— WORK REQUEST —
The answer should be the records below, word for word, with every image left out.
*** Block opens ***
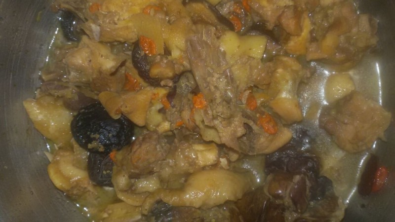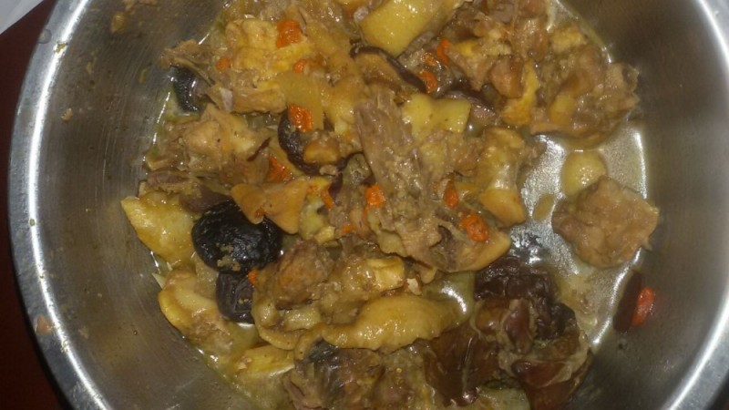 看,这就是宝爸做的冬菇蒸土鸡了,宝爸一处理好鸡他就迫不及待地清蒸上了,虽然它还没出锅,但整个屋子里都飘着鸡的香味,引人食欲。平时我们中午一般是12点才吃午饭的,可哪天大家都很想吃这鸡,所以11点左右我们就已经吃午饭了,可见这鸡有多么的诱人了。
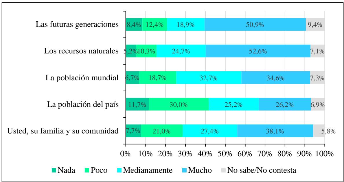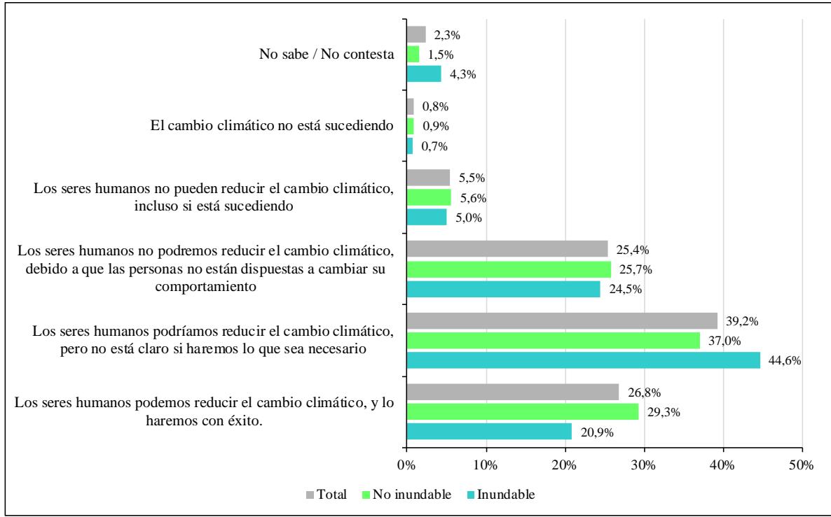 A pesar de la aceptación de la problemática de cambio climático, un cuarto de la población encuestada $( 25,4\% )$ expresaron su pesimismo al respecto indicando que los seres humanos no podremos reducir el cambio climático, debido a que las personas no están dispuestas a cambiar su comportamiento. El $5,5\%$ manifestó que los seres humanos no pueden reducir el cambio climático, incluso si está sucediendo.
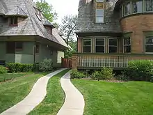 Según los estándares de los suburbios estadounidenses, la casa Gale está bastante cerca de otras estructuras. La casa de la izquierda es otro edificio de Frank Lloyd Wright, la Casa de Thomas H. Gale.
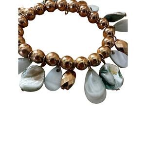 Shell and Sea Glass Gold Bead Stretch Bracelet
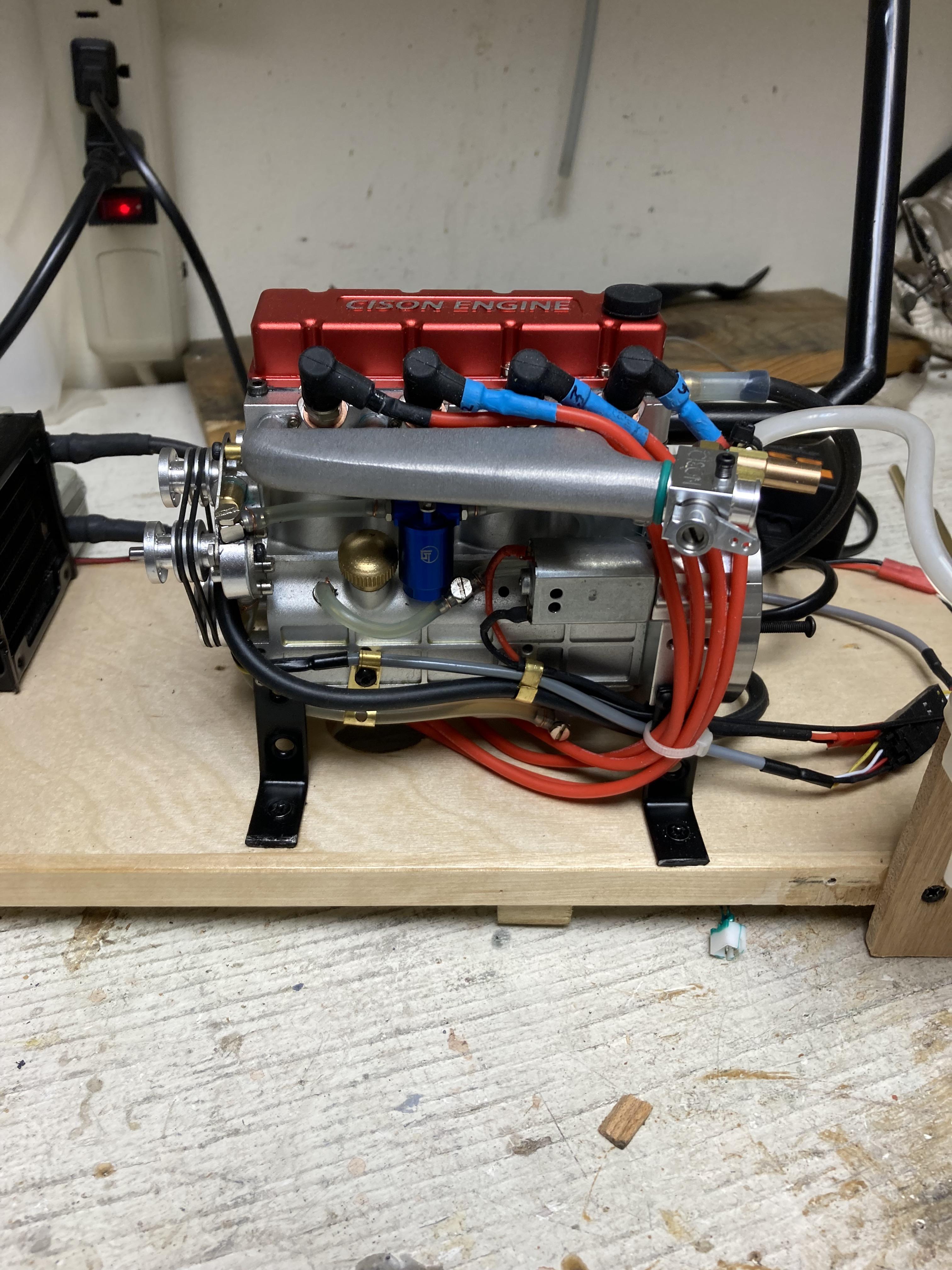 May 29, 2025May 29 Author Made progress: built a more solid base in hopes of it running quieter and with less vibration. It seems to have worked. Got the idle down to where I want it. Even thought the vibrations are way down, the set screw holding the universal joint to the engine output kept loosening so ground a flat spot on the shaft, better. Received a replacement starter motor for the 4 cylinder unit, believe it is an upgrade from the one supplied in the kit. Much stronger, doesn't hesitate on the compression strokes. This one runs on gasoline, which I prefer, much cleaner than the nitro. Still need to start that one. https://youtu.be/TeMD9fr9iF4
*** Block closes ***
— SOLUTION —
 看,这就是宝爸做的冬菇蒸土鸡了,宝爸一处理好鸡他就迫不及待地清蒸上了,虽然它还没出锅,但整个屋子里都飘着鸡的香味,引人食欲。平时我们中午一般是12点才吃午饭的,可哪天大家都很想吃这鸡,所以11点左右我们就已经吃午饭了,可见这鸡有多么的诱人了。
 A pesar de la aceptación de la problemática de cambio climático, un cuarto de la población encuestada $( 25,4\% )$ expresaron su pesimismo al respecto indicando que los seres humanos no podremos reducir el cambio climático, debido a que las personas no están dispuestas a cambiar su comportamiento. El $5,5\%$ manifestó que los seres humanos no pueden reducir el cambio climático, incluso si está sucediendo.
 Según los estándares de los suburbios estadounidenses, la casa Gale está bastante cerca de otras estructuras. La casa de la izquierda es otro edificio de Frank Lloyd Wright, la Casa de Thomas H. Gale.
 Shell and Sea Glass Gold Bead Stretch Bracelet
 May 29, 2025May 29 Author Made progress: built a more solid base in hopes of it running quieter and with less vibration. It seems to have worked. Got the idle down to where I want it. Even thought the vibrations are way down, the set screw holding the universal joint to the engine output kept loosening so ground a flat spot on the shaft, better. Received a replacement starter motor for the 4 cylinder unit, believe it is an upgrade from the one supplied in the kit. Much stronger, doesn't hesitate on the compression strokes. This one runs on gasoline, which I prefer, much cleaner than the nitro. Still need to start that one. https://youtu.be/TeMD9fr9iF4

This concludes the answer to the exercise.